Would you transcribe the whole listing exactly, minus its pictures?

# [Available data]
◆ ◆ ◆
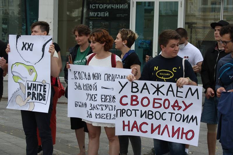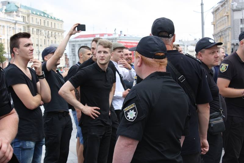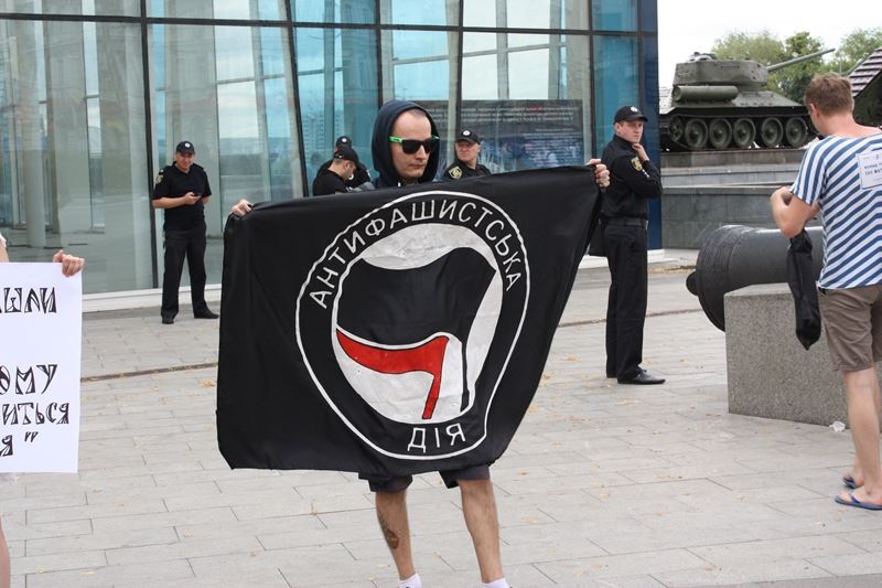 Окрім цього під час пікету виднілися прапор з анархістською символікою(об’єднання чорного кольору анархізму і червоного кольору соціалізму) та стяг «Антифашистської дії». На противагу цьому пікетові до будівлі Історичного музею вийшли представники правих угруповань Харкова («Фрайкор», «Традиція і Порядок», «Правий Сектор»), вони вважають проблему роздутою, а акцію – спробою розхитати ситуацію в країні та місті на користь ворогові, з яким Україна перебуває у стані війни. Попри напружену атмосферу серед учасників, котрі перебували по різні сторони від правоохоронців, акція пройшла мирно, опоненти обмінялися одне з одним гаслами, що декларують позиції їхніх рухів з приводу тих чи інших явищ. Була одна єдина спроба провокації зі сторони молодика, котрий тримав стяг «Антифашистської дії», однак правоохоронці миттєво зреагували й попередили ймовірний конфлікт.
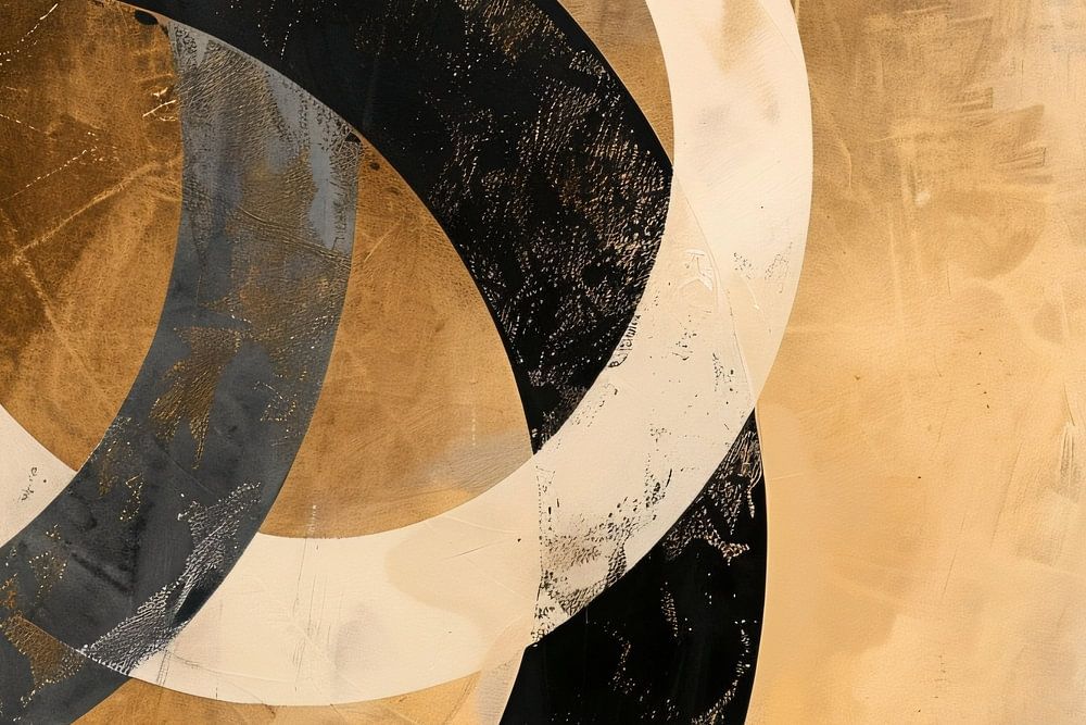 Die Kunst der Einfachheit wird in diesem Stück wunderschön dargestellt. Die minimale Farbpalette aus Sepia-, Gold- und Beigetönen bietet einen ruhigen und doch kraftvollen Look. Die sich überschneidenden Kreise erzeugen einen dynamischen Effekt und ziehen die Aufmerksamkeit auf sich, ohne überwältigend zu wirken, was dieses Design zu einer ausgezeichneten Wahl sowohl für moderne als auch für traditionell eingerichtete Räume macht. Die sanften Texturvariationen verleihen ihm eine subtile Tiefe, die trotz des scheinbar einfachen Designs die Gesamtkomplexität erhöht. Perfekt für eine stilvolle Büroumgebung oder als zentrales Kunstwerk in einem minimalistischen Schlafzimmer. Dieses Kunstwerk lädt zum Nachdenken und zur Kontemplation ein und fügt sich perfekt in die ruhige Atmosphäre eines meditativen Raums ein.
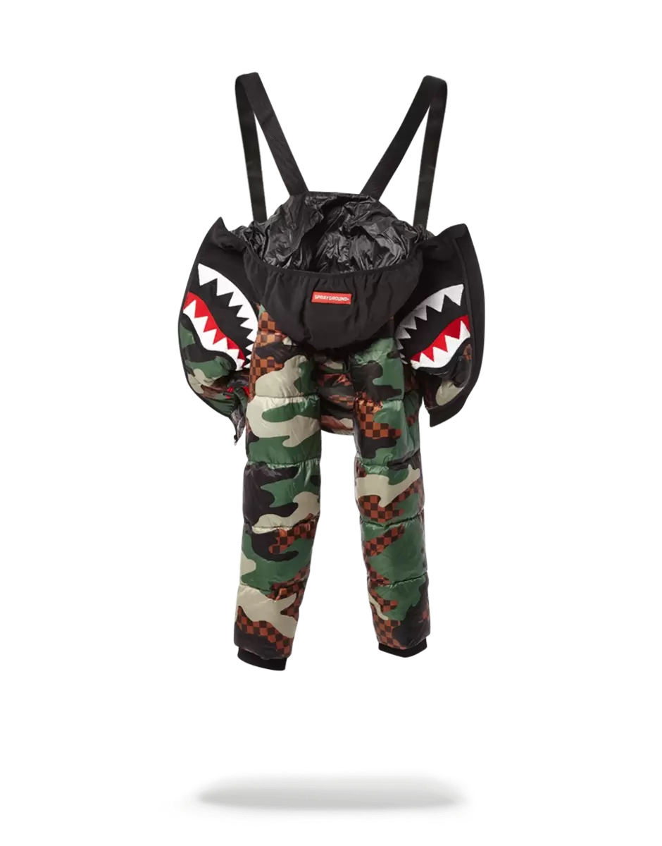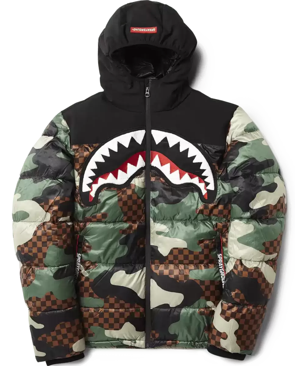 Not your average jacket! Every detail was designed with you in mind! Make the Sprayground Checkered Camo Puffer Jacket your daily fashion statement this winter. Featuring inner straps to have it hang on you when you need some cooling off and pop it back on for a super heavy down to keep you warm even on the coldest days. Durable water resistant fabric to last you for many seasons. Pick up the matching, gloves and headwear to complete the look.
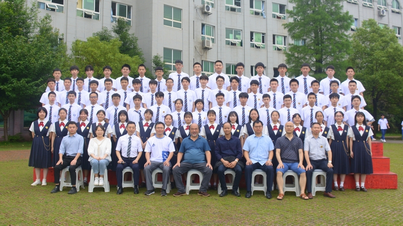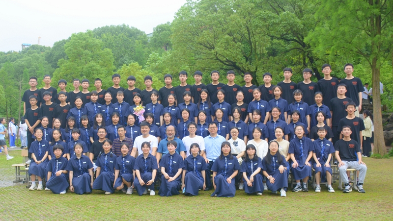 广场西侧的两个合影梯台早已布置就绪,一阵阵欢声笑语传来,一声声“茄子”喊响,罗校长像个吉祥物一样在两个梯台前来回奔波,与每个班级同学、老师合影留念。
◆ ◆ ◆
# [Solved problem]
 Окрім цього під час пікету виднілися прапор з анархістською символікою(об’єднання чорного кольору анархізму і червоного кольору соціалізму) та стяг «Антифашистської дії». На противагу цьому пікетові до будівлі Історичного музею вийшли представники правих угруповань Харкова («Фрайкор», «Традиція і Порядок», «Правий Сектор»), вони вважають проблему роздутою, а акцію – спробою розхитати ситуацію в країні та місті на користь ворогові, з яким Україна перебуває у стані війни. Попри напружену атмосферу серед учасників, котрі перебували по різні сторони від правоохоронців, акція пройшла мирно, опоненти обмінялися одне з одним гаслами, що декларують позиції їхніх рухів з приводу тих чи інших явищ. Була одна єдина спроба провокації зі сторони молодика, котрий тримав стяг «Антифашистської дії», однак правоохоронці миттєво зреагували й попередили ймовірний конфлікт.
 Die Kunst der Einfachheit wird in diesem Stück wunderschön dargestellt. Die minimale Farbpalette aus Sepia-, Gold- und Beigetönen bietet einen ruhigen und doch kraftvollen Look. Die sich überschneidenden Kreise erzeugen einen dynamischen Effekt und ziehen die Aufmerksamkeit auf sich, ohne überwältigend zu wirken, was dieses Design zu einer ausgezeichneten Wahl sowohl für moderne als auch für traditionell eingerichtete Räume macht. Die sanften Texturvariationen verleihen ihm eine subtile Tiefe, die trotz des scheinbar einfachen Designs die Gesamtkomplexität erhöht. Perfekt für eine stilvolle Büroumgebung oder als zentrales Kunstwerk in einem minimalistischen Schlafzimmer. Dieses Kunstwerk lädt zum Nachdenken und zur Kontemplation ein und fügt sich perfekt in die ruhige Atmosphäre eines meditativen Raums ein.
 Not your average jacket! Every detail was designed with you in mind! Make the Sprayground Checkered Camo Puffer Jacket your daily fashion statement this winter. Featuring inner straps to have it hang on you when you need some cooling off and pop it back on for a super heavy down to keep you warm even on the coldest days. Durable water resistant fabric to last you for many seasons. Pick up the matching, gloves and headwear to complete the look.
 广场西侧的两个合影梯台早已布置就绪,一阵阵欢声笑语传来,一声声“茄子”喊响,罗校长像个吉祥物一样在两个梯台前来回奔波,与每个班级同学、老师合影留念。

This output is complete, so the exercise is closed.